I didn't say you'll be fat if you work out at a lower intensity.  I pointed out that you have to work out more to lose the same number of calories.  Most people don't work out more thus they'll take longer to lose the weight.

That being said, if you need to lose a lot of weight and are out of shape, go ahead and start out with the low intensity so you can sustain your workout.  A 5 minute workout does nobody any good.  People can work out at a low intensity longer than high and if you increase the time you work out and increase the frequency, you'll lose more.  

I love interval training.  Low intensity then high then low then high.  It helps your ability to stay high longer.

It's all a numbers game.  3500 calories per pound.  

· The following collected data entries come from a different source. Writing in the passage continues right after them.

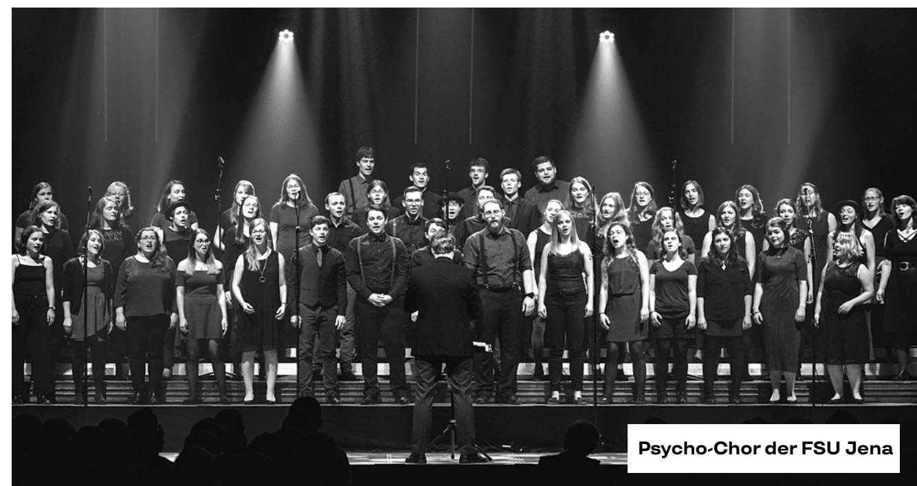
Psycho-Chor der FSU Jena
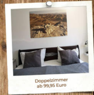
Doppelzimmer ab 99,95 Euro
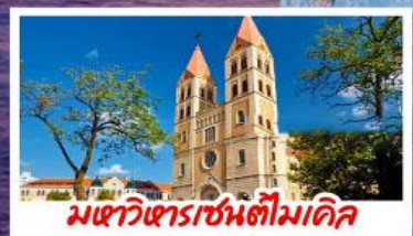
มหาวิหารเซนต์ไมเคิล
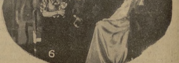
1, 3 y 6, varias escenas de "Madre Guapa", representada anoche en el Cervantes. 2, La Orquesta Planas, que también tomó parte en la función benéfica organizada por EL FARO. 4, un aspecto de la sala. 5, las bellas señoritas que amablemente se prestaron para acomodar al público.

Ok.  I need to run to work.


----------



## thestarsfall (Feb 15, 2007)

Waaaay back when I still bought random health magazines they had something about this and someone had asked whether it would be better to work out at a lower intensity to lose fat and they just said "a calorie is a calorie" and yeah, in the end it is all about calorie in vs calorie out for weight gain and loss 
	

	
	
		
		

		
			





And then there are the ppl who do low intensity exercises because "they dont wanna get bulky"

haha...


----------



## LindseySullivan (Feb 15, 2007)

You don't get bulky from cardio.  Plain & simple.  

Most people don't even get bulky from lifting weights.  12-15 lighter weight reps to tone 8-10 heavier weight reps to bulk.  

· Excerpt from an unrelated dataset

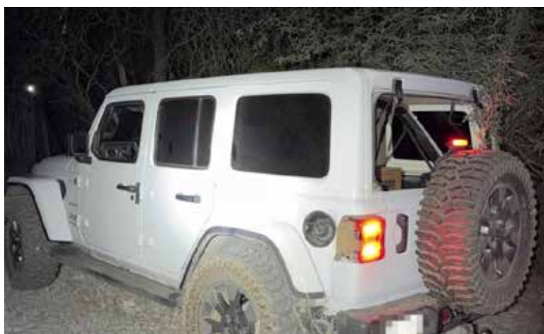
Agentes evitaron el saqueo de botellas de cerveza tras detectar a varios individuos en plena actividad delictiva.

“Al acudir a las instalaciones no se pudo lograr la detención
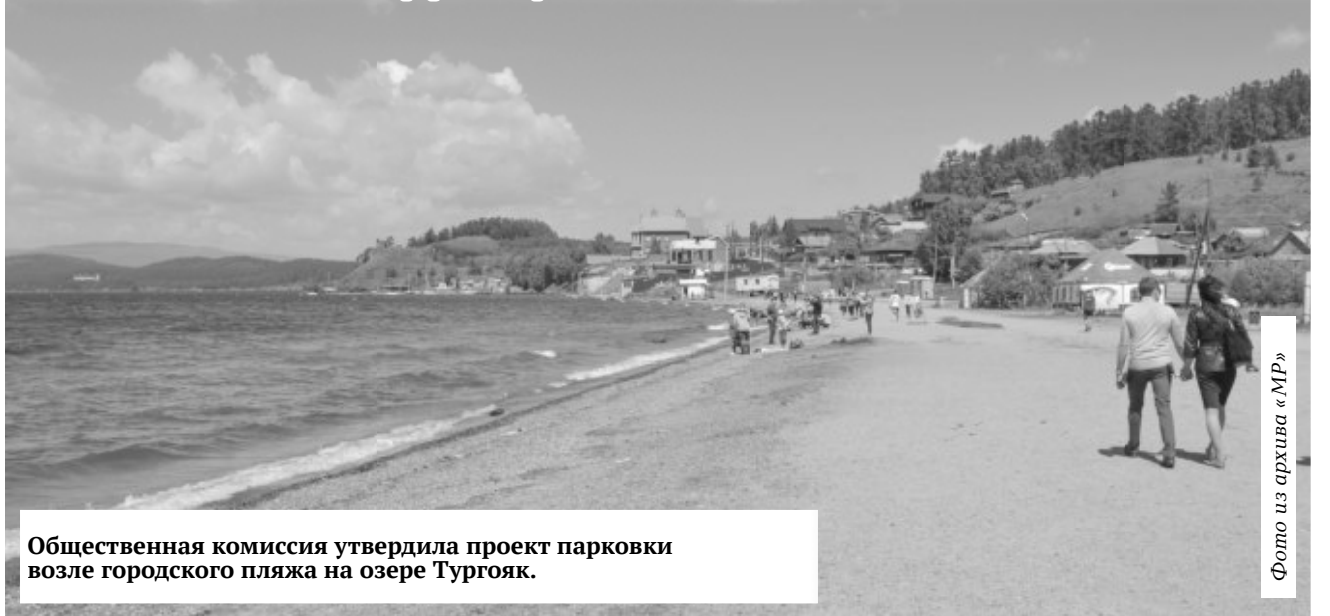
Общественная комиссия утвердила проект парковки возле городского пляжа на озере Тургояк.

In fact, weight training (to tone) should be part of any workout plan.  We lose muscle as we age (about 1/2 a pound per year past age 25, muscle burns calories so as it's lost  we lose less calories per day - this is how our metabolism slows with age!  1/2lb ofmuscle only burns about 50 calories per day, but who do you know who cuts 50 cal per year from their diet to compensate?  I don't know any.  50 cal per day is 350 per week and is 5 pounds per year?  So those of you who gain 5lbs per year, that's why!!!  Start lifting!

Muscle add weight, but it's much more compact than fat (and it will burn calories).  So as you lift, you may gain a little - but that's good!  As long as your clothes fit better.  Don't use the numbers on the scale to guage your progress so much when lifting.  At first your weight may go up but after a few weeks, the pounds should start to melt off.

Here's some math:

Calories in - Calories out

negative = loss, positive - gain, same = no change

Jane is 5'4 and weighs 170.  She burns 1500 cal per day.  She cuts 
300 cal from her diet and works out 3x week burning 500 cal at each workout.  Between diet and exercise, she is losing 3600 calories per week.  She should lose 1lb a week or 4-5lbs in a month.

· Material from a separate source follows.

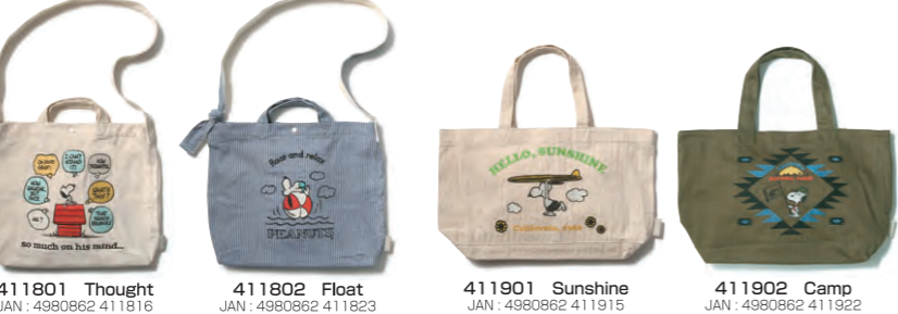
411801 Thought JAN: 4980862 411816 411802 Float JAN: 4980862 411823 411901 Sunshine JAN: 4980862 411915 411902 Camp JAN: 4980862 411922

サイズ: W41×H24×D12cm 持ち手: 40cm 素材: 綿 ポケット: 外側1箇所、内側2箇所 生産国: 中国 小売LOT: 2 / 問屋LOT: 12

Jane adds weight training and PUTS ON 5lbs of muscle.  Now this muscle is burning about 250 calories a day and she doesn't have to do anything to burn it but keep that muscle!  So now she's burning another 1750 calories per week (total of 5350 cal/wk).  She should lose 1.5lbs per week or 6-7 lbs per month.  Again, simple math.   

Now imagine if she put on 10lbs of muscle.  At first, her weigt will go up due to the extra muscle, but now she's losing 2lbs per week or 8-10 per month.  Get it?  

Cardio 3-5x per week 30+ in duration
Strength 2-3x per week
And you should stretch every day!

I don't know where these people are gettig their info from....

Lindsey Sullivan
-ACE Certified - I know what I'm talking about!!


----------



## micky_mouse (Feb 16, 2007)

alright thanks for this it has been helpful now my question what is a good way to burn calories if you dont have a gym membership?and the weather here at the moment is in the negatives (-20's) to be extact so do you have any helpful hints thanks a ton!!


----------



## Shimmer (Feb 16, 2007)

turn on the stereo/ipod and dance.
buy a jumprope and jump inside...


----------



## MAC_Whore (Feb 18, 2007)

Quote:

   Originally Posted by *Shimmer* 

 
_turn on the stereo/ipod and dance.._

 
Shimmer, were you watching me reorganize my storage room last weekend, cuz that sounds really familiar! 
	

	
	
		
		

		
		
	


	




  I was rockin' it!  You have to do what you can to make cleaning fun, eh?


----------



## Shimmer (Feb 18, 2007)

I'll never tell


----------